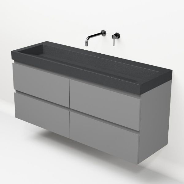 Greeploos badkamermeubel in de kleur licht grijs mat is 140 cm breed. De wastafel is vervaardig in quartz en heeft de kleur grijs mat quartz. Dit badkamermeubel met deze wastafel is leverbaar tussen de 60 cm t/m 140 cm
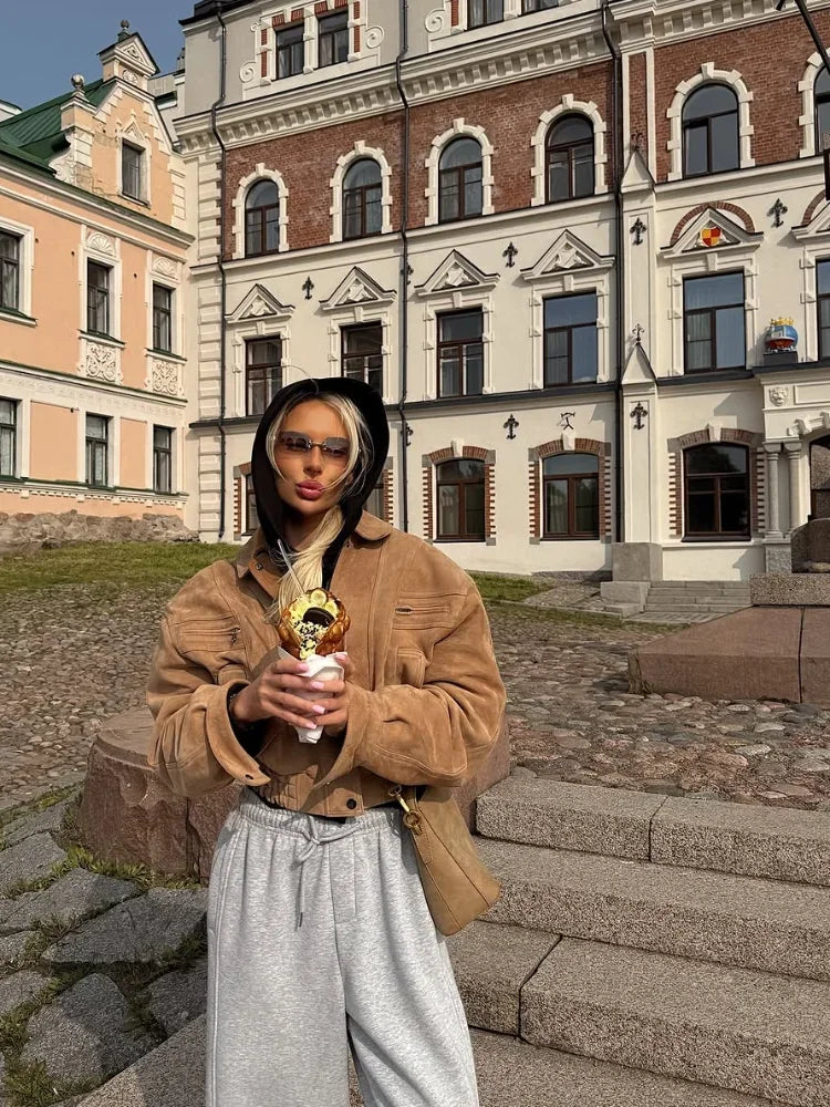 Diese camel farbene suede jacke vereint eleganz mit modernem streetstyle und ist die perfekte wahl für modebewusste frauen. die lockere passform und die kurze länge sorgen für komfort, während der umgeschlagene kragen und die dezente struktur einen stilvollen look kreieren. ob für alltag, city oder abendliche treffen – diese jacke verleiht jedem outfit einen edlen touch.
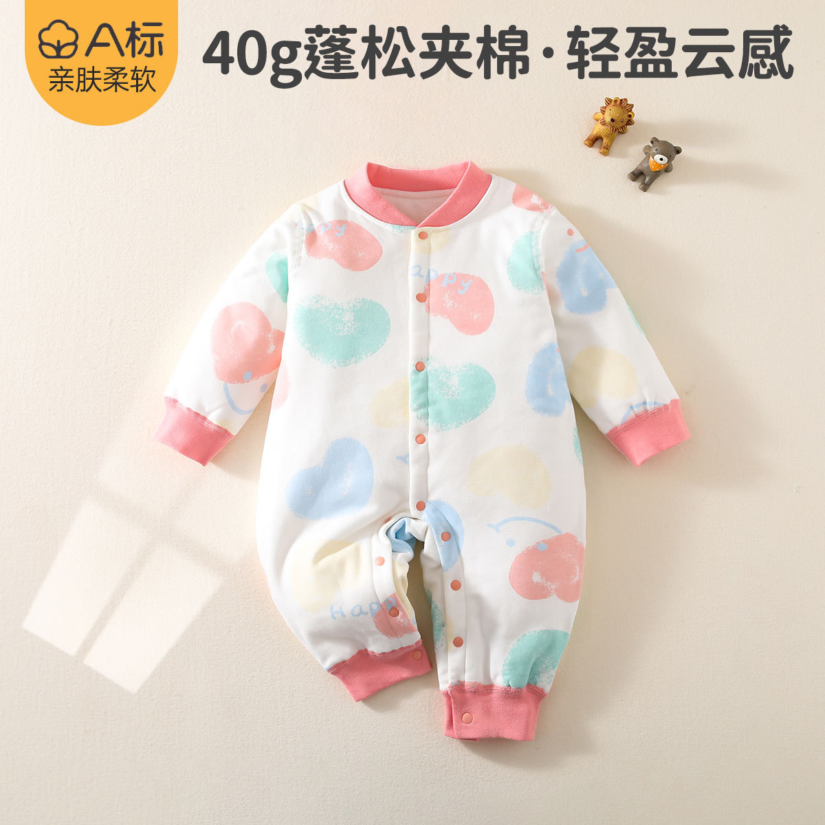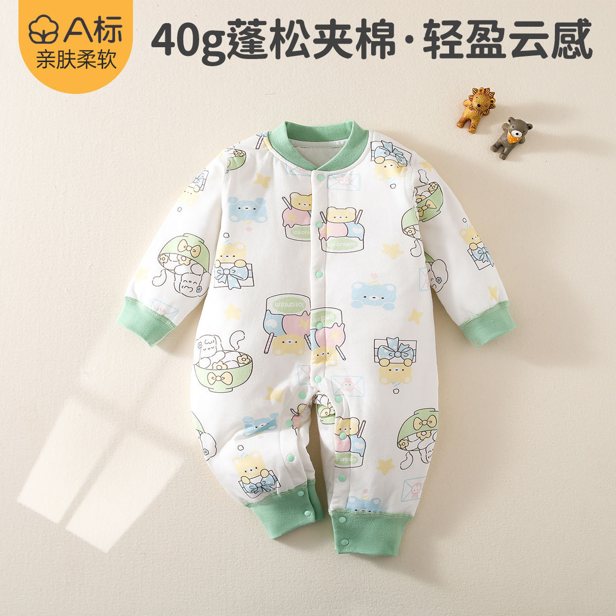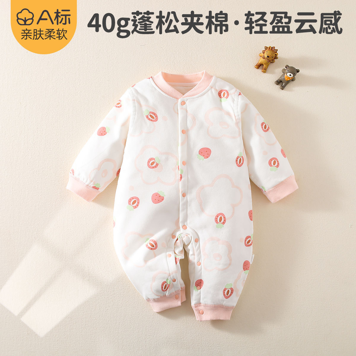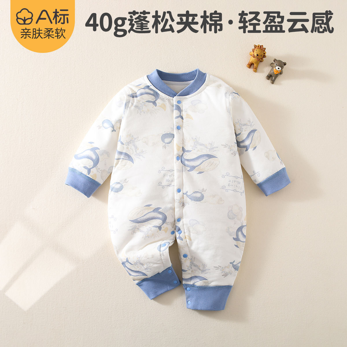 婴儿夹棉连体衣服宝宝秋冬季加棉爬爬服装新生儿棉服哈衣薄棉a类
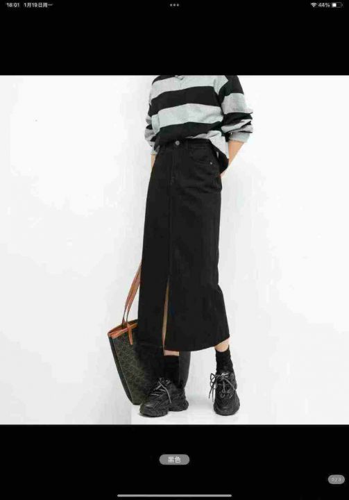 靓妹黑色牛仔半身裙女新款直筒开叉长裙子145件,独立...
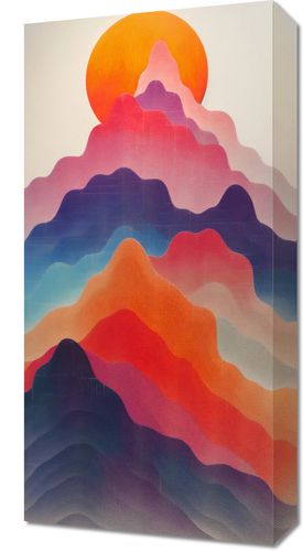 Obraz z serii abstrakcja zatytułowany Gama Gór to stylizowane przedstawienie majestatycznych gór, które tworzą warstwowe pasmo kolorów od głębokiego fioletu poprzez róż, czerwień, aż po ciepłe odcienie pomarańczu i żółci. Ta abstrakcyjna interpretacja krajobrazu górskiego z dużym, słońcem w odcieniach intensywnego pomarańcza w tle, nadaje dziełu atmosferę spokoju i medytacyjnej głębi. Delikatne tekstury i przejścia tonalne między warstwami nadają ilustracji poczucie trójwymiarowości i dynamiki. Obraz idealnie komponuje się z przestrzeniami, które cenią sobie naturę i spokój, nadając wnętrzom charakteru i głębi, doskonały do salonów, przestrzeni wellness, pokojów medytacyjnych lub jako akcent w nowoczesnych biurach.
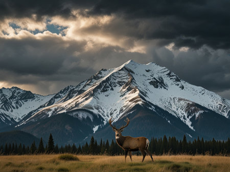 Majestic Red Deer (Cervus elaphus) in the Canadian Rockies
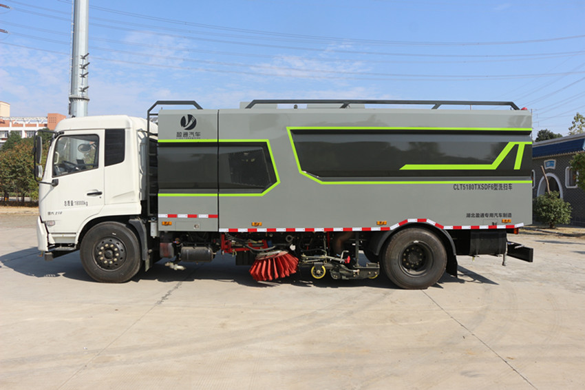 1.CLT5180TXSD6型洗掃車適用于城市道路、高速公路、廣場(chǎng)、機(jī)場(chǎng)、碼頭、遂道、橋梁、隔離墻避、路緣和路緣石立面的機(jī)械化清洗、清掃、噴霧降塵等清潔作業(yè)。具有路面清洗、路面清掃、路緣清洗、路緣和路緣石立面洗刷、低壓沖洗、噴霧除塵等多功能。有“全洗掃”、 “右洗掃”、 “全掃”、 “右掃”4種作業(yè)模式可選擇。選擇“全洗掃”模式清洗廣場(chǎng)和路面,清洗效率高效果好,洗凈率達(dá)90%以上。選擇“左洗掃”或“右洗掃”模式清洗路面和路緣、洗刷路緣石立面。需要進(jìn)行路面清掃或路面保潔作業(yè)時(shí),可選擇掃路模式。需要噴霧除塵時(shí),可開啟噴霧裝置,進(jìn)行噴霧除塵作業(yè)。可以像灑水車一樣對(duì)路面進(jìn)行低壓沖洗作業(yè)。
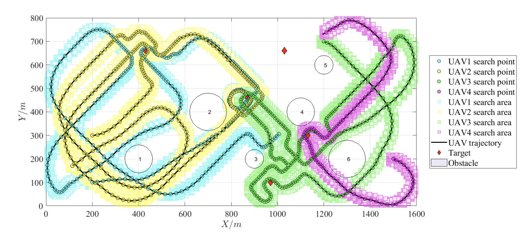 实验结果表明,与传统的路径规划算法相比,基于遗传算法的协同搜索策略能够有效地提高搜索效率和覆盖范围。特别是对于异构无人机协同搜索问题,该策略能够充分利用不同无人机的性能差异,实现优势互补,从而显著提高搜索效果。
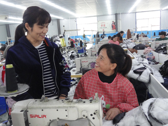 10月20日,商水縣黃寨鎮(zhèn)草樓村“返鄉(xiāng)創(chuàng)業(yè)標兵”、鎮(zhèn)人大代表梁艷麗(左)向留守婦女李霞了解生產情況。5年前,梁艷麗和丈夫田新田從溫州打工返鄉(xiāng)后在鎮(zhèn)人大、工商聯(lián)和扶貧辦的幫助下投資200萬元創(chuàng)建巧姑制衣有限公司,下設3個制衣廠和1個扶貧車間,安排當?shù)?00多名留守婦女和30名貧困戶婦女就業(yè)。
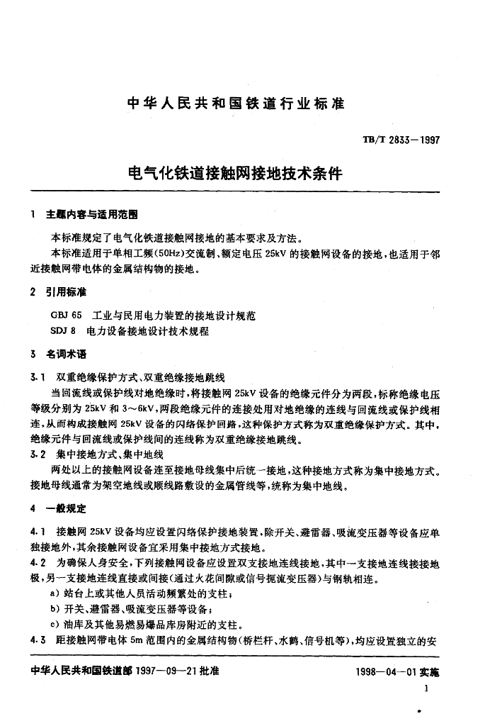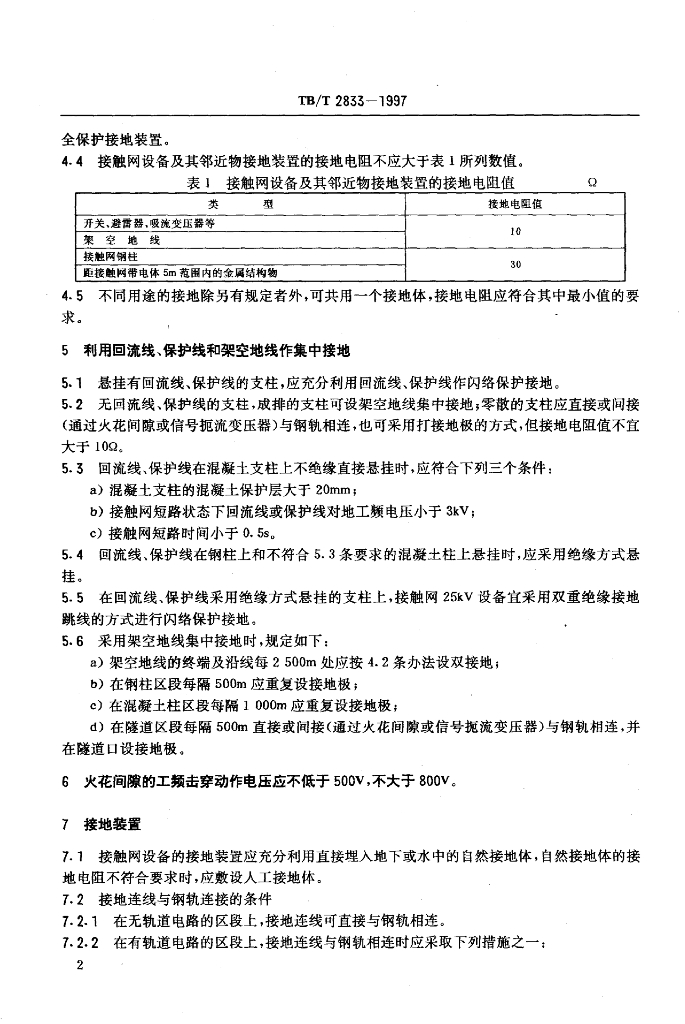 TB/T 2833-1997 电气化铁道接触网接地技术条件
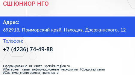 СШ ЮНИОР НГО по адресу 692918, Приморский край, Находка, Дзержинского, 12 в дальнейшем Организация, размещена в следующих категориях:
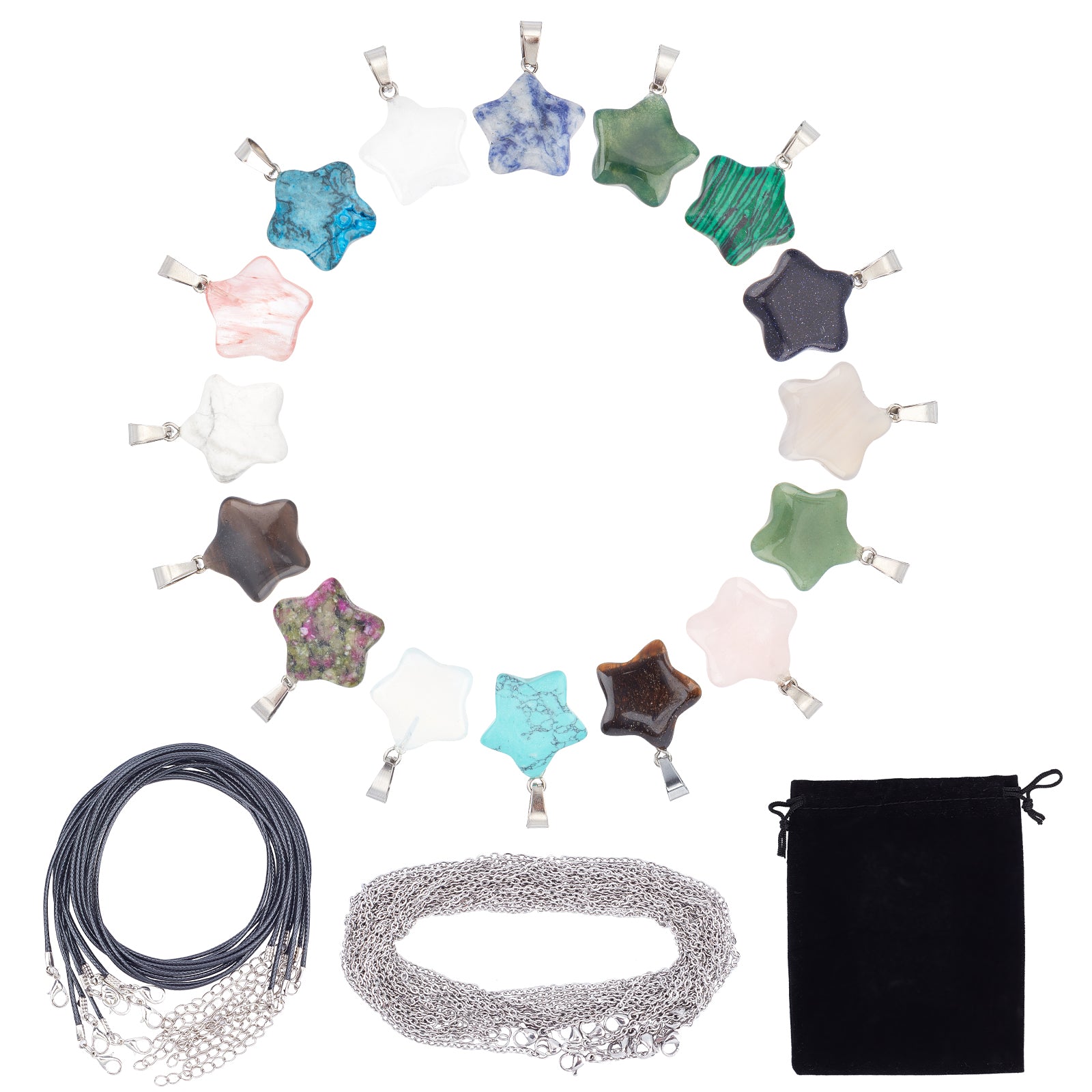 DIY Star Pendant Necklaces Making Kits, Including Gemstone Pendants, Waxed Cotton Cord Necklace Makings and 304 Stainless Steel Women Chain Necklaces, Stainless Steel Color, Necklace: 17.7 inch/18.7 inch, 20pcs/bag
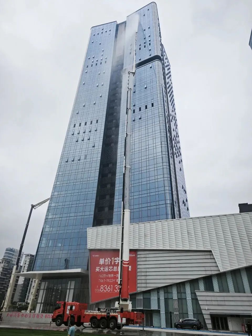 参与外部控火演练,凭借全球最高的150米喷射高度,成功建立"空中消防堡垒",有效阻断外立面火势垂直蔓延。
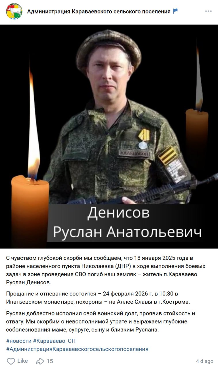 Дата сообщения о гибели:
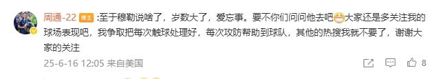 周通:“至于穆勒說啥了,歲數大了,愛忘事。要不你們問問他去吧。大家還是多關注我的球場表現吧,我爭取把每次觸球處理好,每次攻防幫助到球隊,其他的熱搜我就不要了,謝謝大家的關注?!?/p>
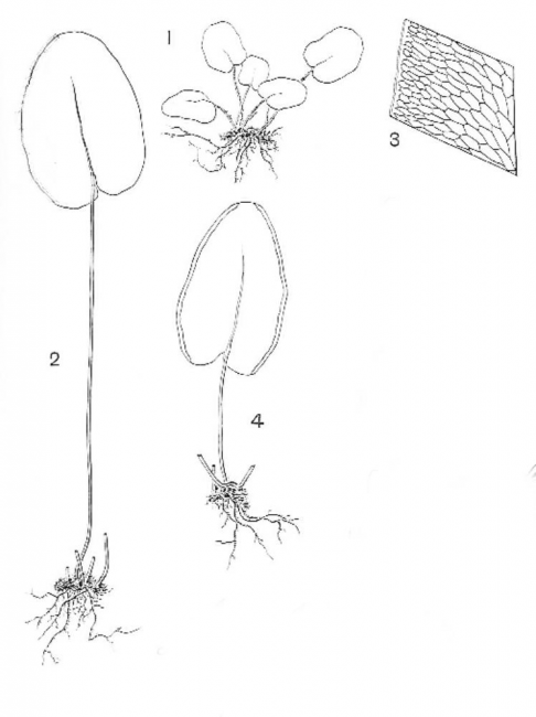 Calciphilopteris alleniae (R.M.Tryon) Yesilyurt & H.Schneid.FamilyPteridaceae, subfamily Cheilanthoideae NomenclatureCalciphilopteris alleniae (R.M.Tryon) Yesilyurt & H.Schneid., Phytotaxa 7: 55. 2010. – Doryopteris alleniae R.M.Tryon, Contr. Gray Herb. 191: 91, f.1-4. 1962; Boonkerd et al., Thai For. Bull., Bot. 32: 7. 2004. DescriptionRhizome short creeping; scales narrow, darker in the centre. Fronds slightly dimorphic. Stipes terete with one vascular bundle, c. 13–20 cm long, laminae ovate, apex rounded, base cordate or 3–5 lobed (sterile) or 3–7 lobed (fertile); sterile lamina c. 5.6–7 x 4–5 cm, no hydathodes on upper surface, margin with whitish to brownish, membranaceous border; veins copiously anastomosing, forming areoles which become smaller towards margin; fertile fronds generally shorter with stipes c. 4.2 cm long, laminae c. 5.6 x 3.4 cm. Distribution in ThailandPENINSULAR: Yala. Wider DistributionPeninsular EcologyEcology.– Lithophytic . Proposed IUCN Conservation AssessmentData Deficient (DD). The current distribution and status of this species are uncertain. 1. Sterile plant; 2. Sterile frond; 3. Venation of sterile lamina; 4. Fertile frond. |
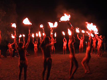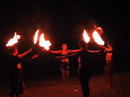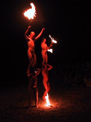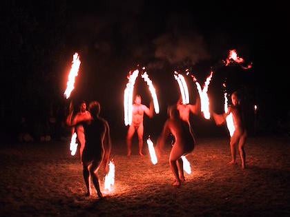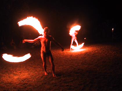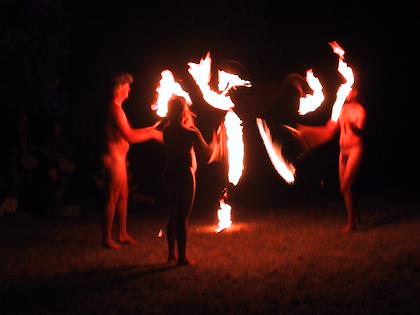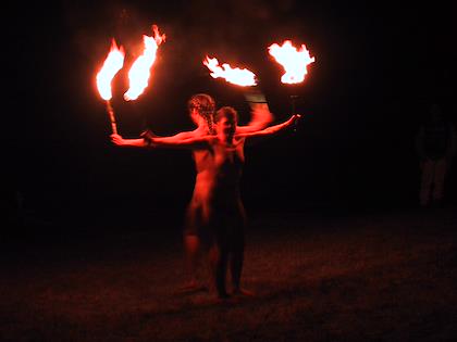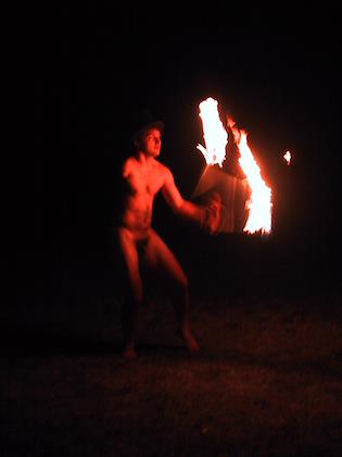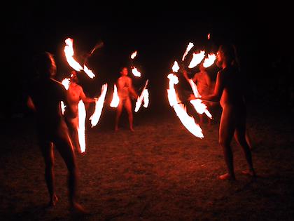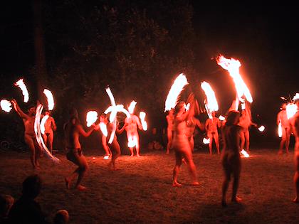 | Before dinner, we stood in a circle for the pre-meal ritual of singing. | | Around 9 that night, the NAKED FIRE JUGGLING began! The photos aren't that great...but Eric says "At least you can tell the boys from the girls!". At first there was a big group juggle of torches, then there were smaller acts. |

YOUR ASSIGNMENT –
Word for word, retype the lines in the entries above that run from the one with "Diese camel farbene" through the one with "靓妹黑色牛仔半身裙女新款直筒开叉长裙子145件,独立...". Both ends count; pictures do not.

FINISHED EXERCISE –
 Diese camel farbene suede jacke vereint eleganz mit modernem streetstyle und ist die perfekte wahl für modebewusste frauen. die lockere passform und die kurze länge sorgen für komfort, während der umgeschlagene kragen und die dezente struktur einen stilvollen look kreieren. ob für alltag, city oder abendliche treffen – diese jacke verleiht jedem outfit einen edlen touch.
 婴儿夹棉连体衣服宝宝秋冬季加棉爬爬服装新生儿棉服哈衣薄棉a类
 靓妹黑色牛仔半身裙女新款直筒开叉长裙子145件,独立...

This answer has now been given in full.